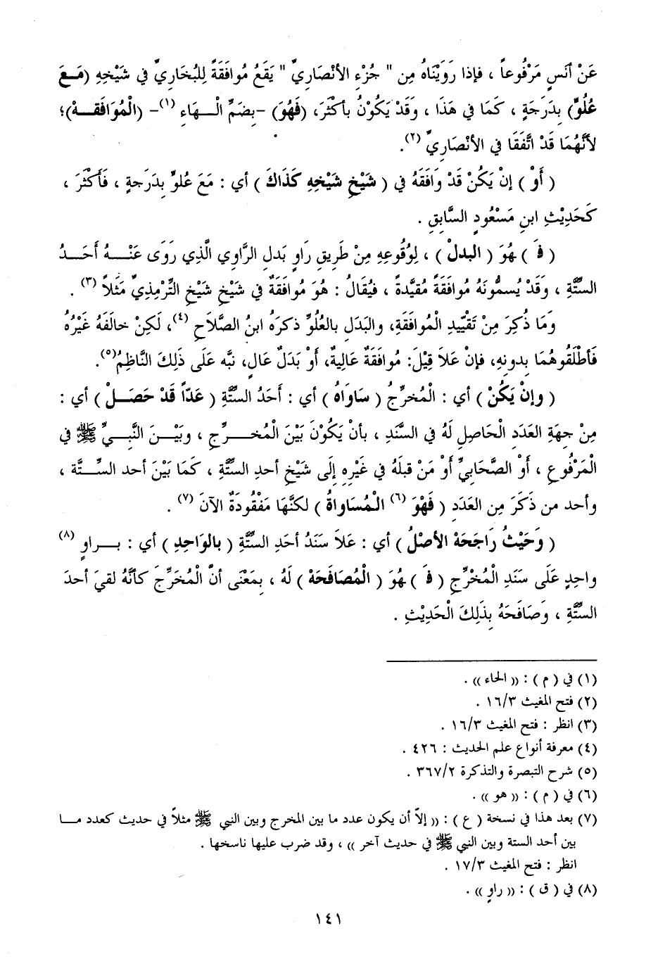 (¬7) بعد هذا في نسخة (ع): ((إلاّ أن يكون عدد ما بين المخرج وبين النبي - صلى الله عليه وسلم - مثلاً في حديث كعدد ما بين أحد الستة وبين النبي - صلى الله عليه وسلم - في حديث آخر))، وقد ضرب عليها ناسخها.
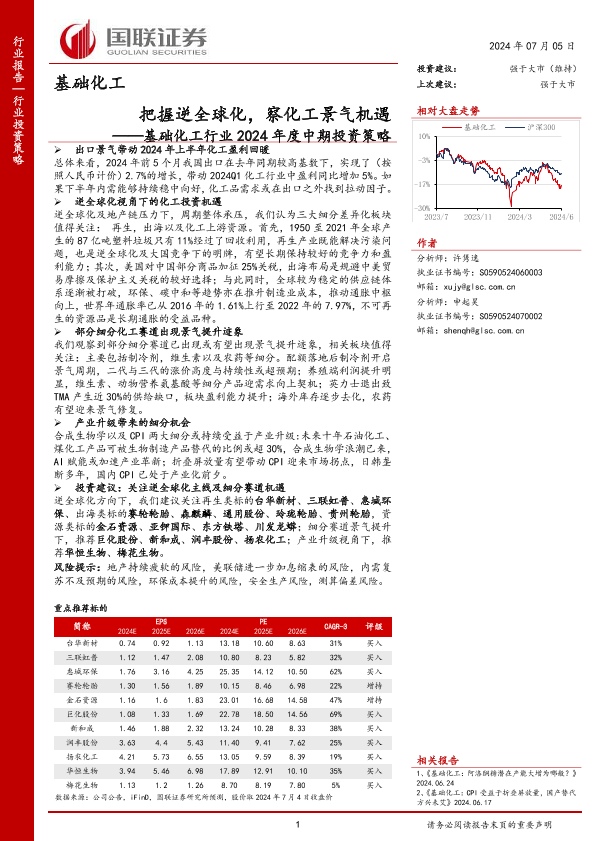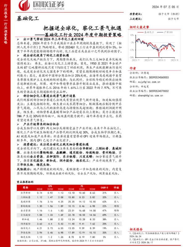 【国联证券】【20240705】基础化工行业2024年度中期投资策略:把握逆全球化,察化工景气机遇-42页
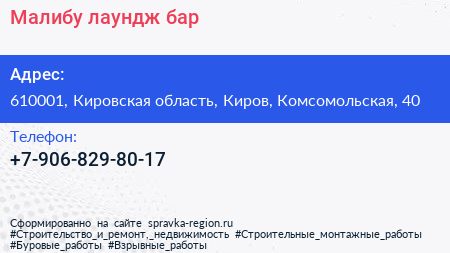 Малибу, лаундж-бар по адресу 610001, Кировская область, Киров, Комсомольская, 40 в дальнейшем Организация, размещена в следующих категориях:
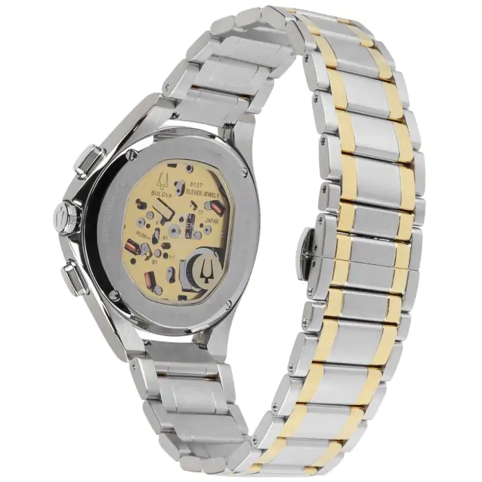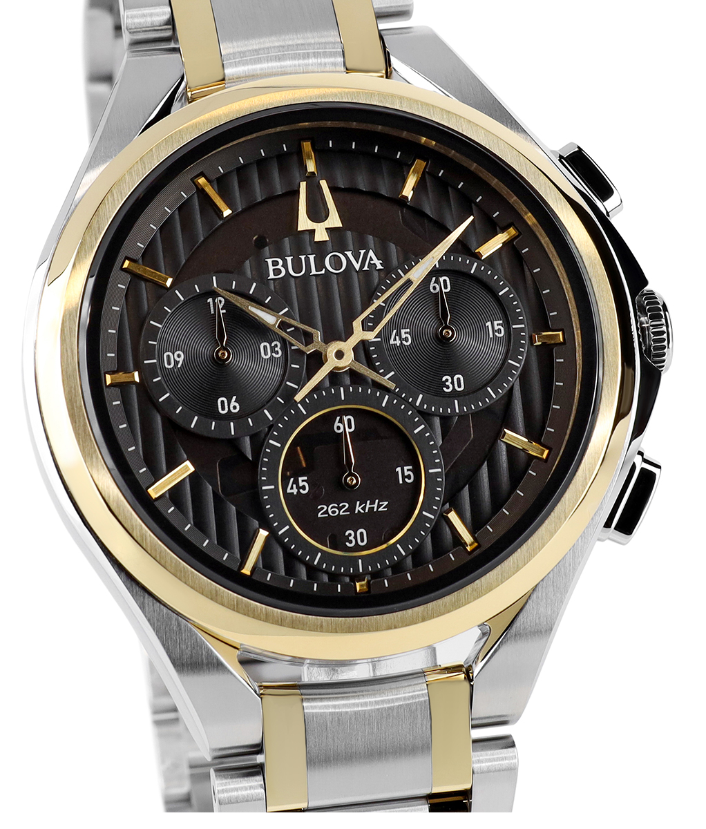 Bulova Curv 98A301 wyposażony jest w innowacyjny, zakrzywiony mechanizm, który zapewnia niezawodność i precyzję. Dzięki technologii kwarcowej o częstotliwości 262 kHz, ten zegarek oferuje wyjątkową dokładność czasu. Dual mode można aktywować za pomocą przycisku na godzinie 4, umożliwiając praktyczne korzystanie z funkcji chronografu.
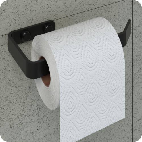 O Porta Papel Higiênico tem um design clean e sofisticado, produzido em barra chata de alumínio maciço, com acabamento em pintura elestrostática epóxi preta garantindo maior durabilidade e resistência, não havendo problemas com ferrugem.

◆ ◆ ◆ ◆ ◆ ◆ ◆

• WORK TASK:
Please transcribe exactly the lines from the start of the records through the line containing "Bulova Curv 98A301", leaving the pictures out.

• WORKED SOLUTION:
 (¬7) بعد هذا في نسخة (ع): ((إلاّ أن يكون عدد ما بين المخرج وبين النبي - صلى الله عليه وسلم - مثلاً في حديث كعدد ما بين أحد الستة وبين النبي - صلى الله عليه وسلم - في حديث آخر))، وقد ضرب عليها ناسخها.
 【国联证券】【20240705】基础化工行业2024年度中期投资策略:把握逆全球化,察化工景气机遇-42页
 Малибу, лаундж-бар по адресу 610001, Кировская область, Киров, Комсомольская, 40 в дальнейшем Организация, размещена в следующих категориях:
 Bulova Curv 98A301 wyposażony jest w innowacyjny, zakrzywiony mechanizm, który zapewnia niezawodność i precyzję. Dzięki technologii kwarcowej o częstotliwości 262 kHz, ten zegarek oferuje wyjątkową dokładność czasu. Dual mode można aktywować za pomocą przycisku na godzinie 4, umożliwiając praktyczne korzystanie z funkcji chronografu.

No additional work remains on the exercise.